▶ **INSTRUCTIONS FOR THE TASK**:
From the listing below, please restate exactly the lines beginning at the one with "Adventure Comics #53" and ending at the one with "補足・注意事項 | ◆消費電力:6.3W", both included, and skip the pictures.

▶ **LISTED ENTRIES**:
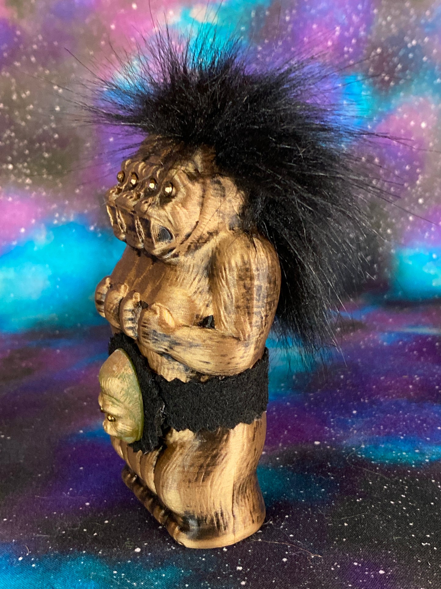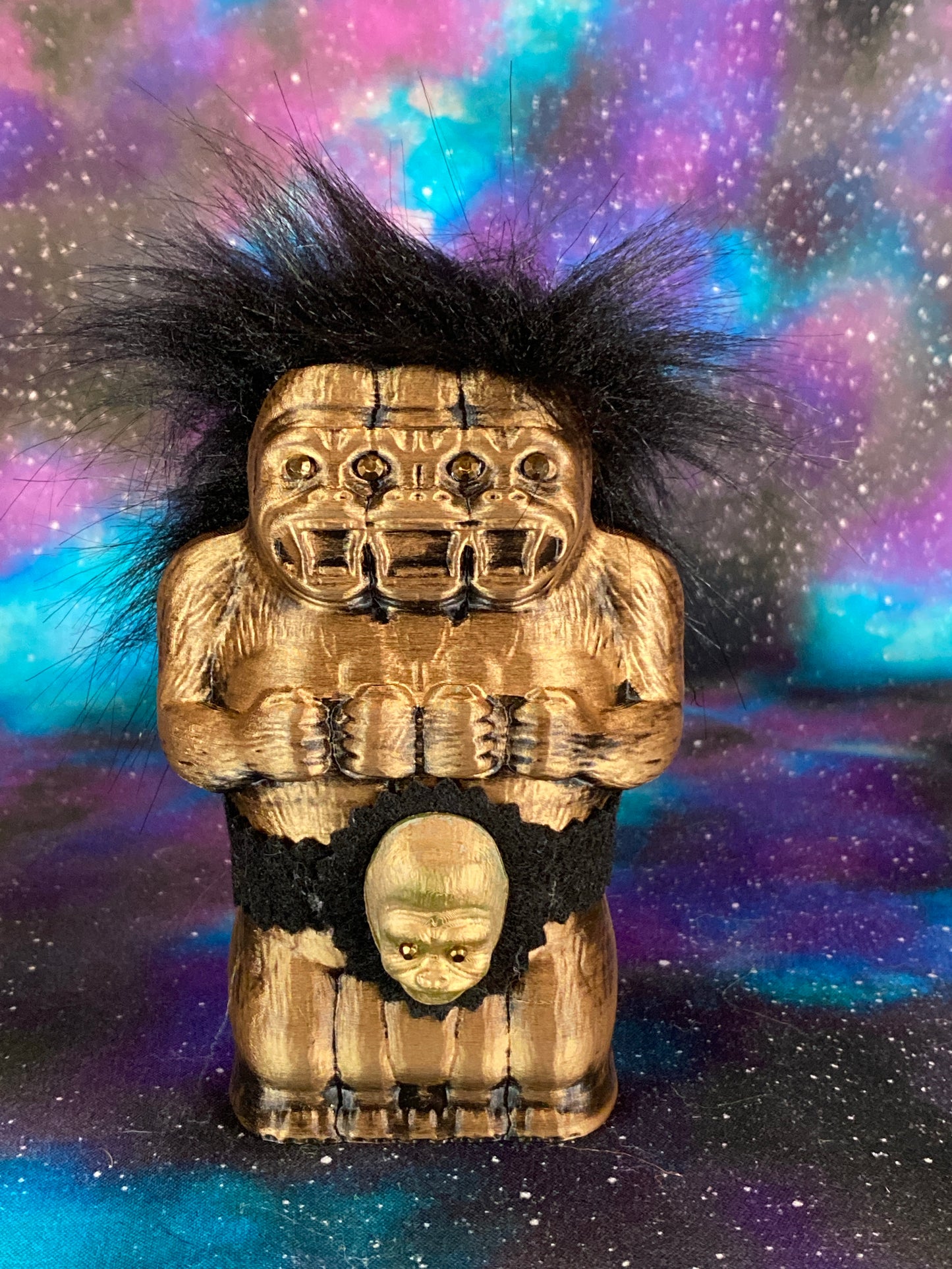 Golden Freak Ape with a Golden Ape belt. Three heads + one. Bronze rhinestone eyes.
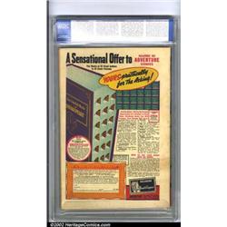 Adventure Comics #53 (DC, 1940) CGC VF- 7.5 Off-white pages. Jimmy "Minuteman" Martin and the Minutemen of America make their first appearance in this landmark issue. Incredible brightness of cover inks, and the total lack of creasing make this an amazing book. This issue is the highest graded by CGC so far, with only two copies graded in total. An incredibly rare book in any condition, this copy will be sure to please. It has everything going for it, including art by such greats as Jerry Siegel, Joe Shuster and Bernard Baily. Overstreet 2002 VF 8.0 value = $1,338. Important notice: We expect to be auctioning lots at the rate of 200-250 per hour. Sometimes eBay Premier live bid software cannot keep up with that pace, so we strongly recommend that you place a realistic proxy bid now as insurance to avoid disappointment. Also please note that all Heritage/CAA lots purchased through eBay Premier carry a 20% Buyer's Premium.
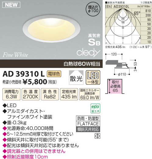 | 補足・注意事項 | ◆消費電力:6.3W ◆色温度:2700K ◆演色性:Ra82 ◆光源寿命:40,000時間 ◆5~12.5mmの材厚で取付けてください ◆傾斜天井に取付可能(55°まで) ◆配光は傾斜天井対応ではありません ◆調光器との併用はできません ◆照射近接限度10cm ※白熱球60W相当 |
--
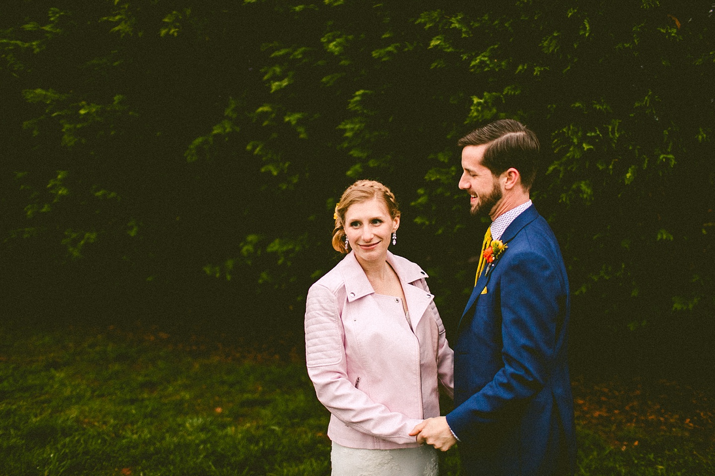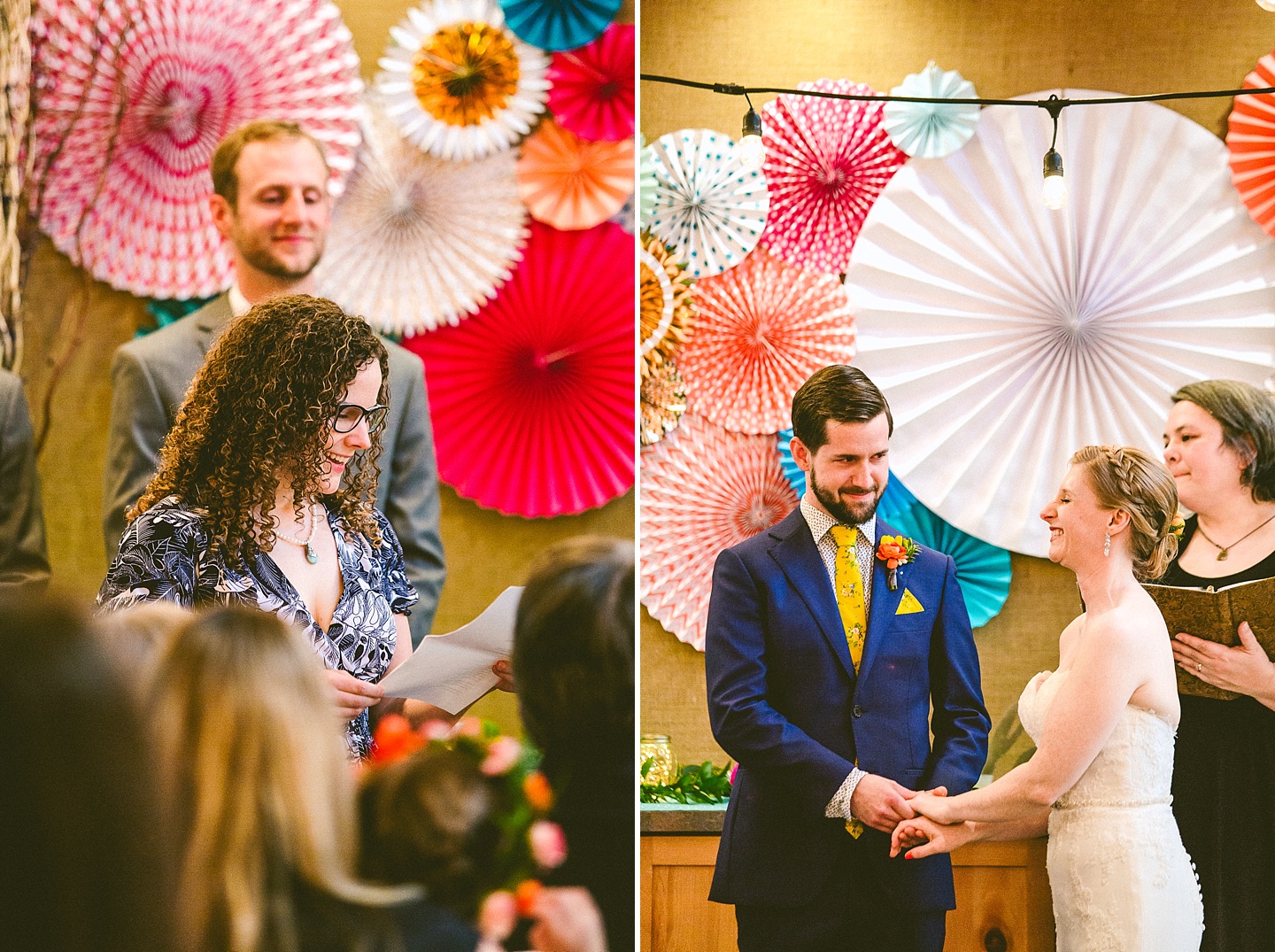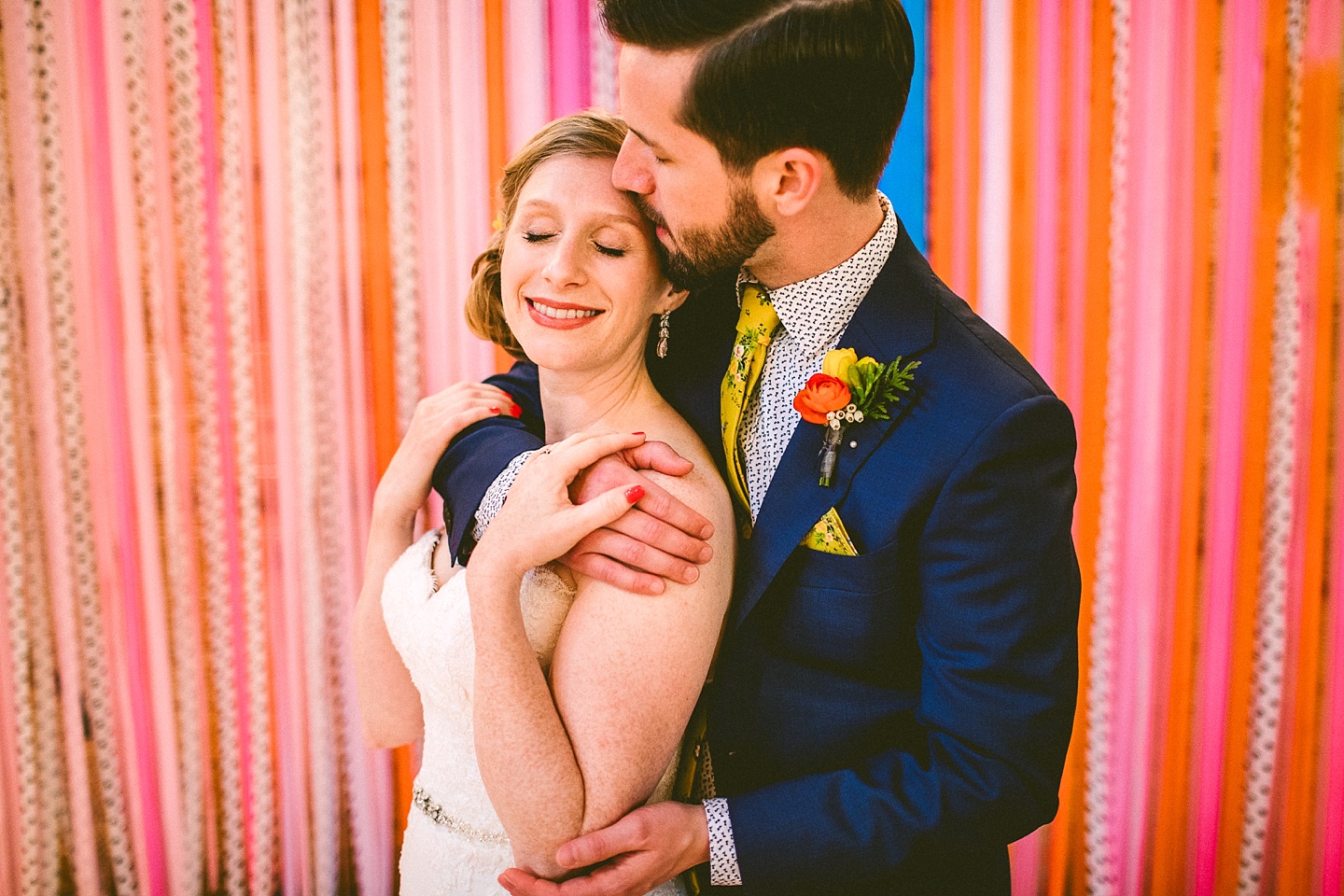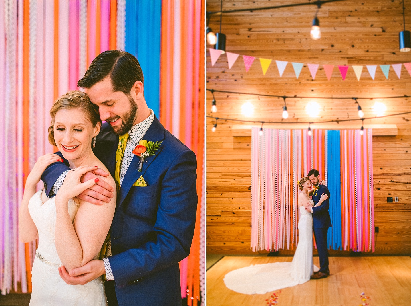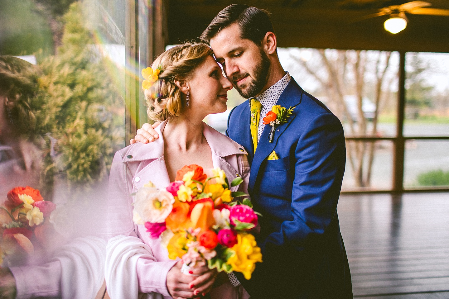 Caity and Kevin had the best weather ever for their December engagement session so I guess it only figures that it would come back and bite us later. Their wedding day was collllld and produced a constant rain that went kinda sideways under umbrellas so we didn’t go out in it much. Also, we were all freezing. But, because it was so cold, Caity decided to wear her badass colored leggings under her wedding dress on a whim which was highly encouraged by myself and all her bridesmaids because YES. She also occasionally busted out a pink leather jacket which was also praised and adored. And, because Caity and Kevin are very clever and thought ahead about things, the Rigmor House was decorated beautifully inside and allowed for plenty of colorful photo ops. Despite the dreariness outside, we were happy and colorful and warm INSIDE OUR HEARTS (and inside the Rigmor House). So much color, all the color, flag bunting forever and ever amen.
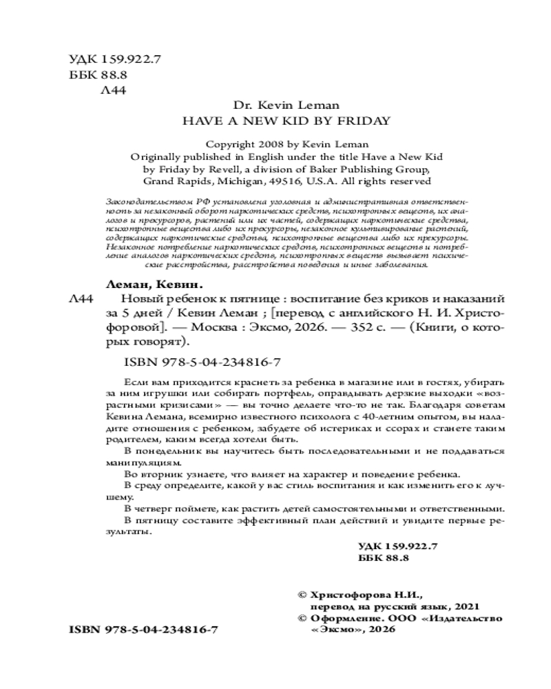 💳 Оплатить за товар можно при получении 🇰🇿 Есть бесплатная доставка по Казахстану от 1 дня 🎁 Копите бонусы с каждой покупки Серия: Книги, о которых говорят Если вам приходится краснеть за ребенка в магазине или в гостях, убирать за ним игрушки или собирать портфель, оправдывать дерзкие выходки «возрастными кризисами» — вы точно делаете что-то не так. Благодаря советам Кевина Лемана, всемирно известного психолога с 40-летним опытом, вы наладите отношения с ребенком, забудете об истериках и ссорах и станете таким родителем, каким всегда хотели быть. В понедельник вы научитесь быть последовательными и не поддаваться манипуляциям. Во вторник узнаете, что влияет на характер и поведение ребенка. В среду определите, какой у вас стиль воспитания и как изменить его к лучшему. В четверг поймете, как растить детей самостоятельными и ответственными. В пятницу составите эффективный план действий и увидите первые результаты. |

▶ **RESPONSE BELOW**:
 Adventure Comics #53 (DC, 1940) CGC VF- 7.5 Off-white pages. Jimmy "Minuteman" Martin and the Minutemen of America make their first appearance in this landmark issue. Incredible brightness of cover inks, and the total lack of creasing make this an amazing book. This issue is the highest graded by CGC so far, with only two copies graded in total. An incredibly rare book in any condition, this copy will be sure to please. It has everything going for it, including art by such greats as Jerry Siegel, Joe Shuster and Bernard Baily. Overstreet 2002 VF 8.0 value = $1,338. Important notice: We expect to be auctioning lots at the rate of 200-250 per hour. Sometimes eBay Premier live bid software cannot keep up with that pace, so we strongly recommend that you place a realistic proxy bid now as insurance to avoid disappointment. Also please note that all Heritage/CAA lots purchased through eBay Premier carry a 20% Buyer's Premium.
 | 補足・注意事項 | ◆消費電力:6.3W ◆色温度:2700K ◆演色性:Ra82 ◆光源寿命:40,000時間 ◆5~12.5mmの材厚で取付けてください ◆傾斜天井に取付可能(55°まで) ◆配光は傾斜天井対応ではありません ◆調光器との併用はできません ◆照射近接限度10cm ※白熱球60W相当 |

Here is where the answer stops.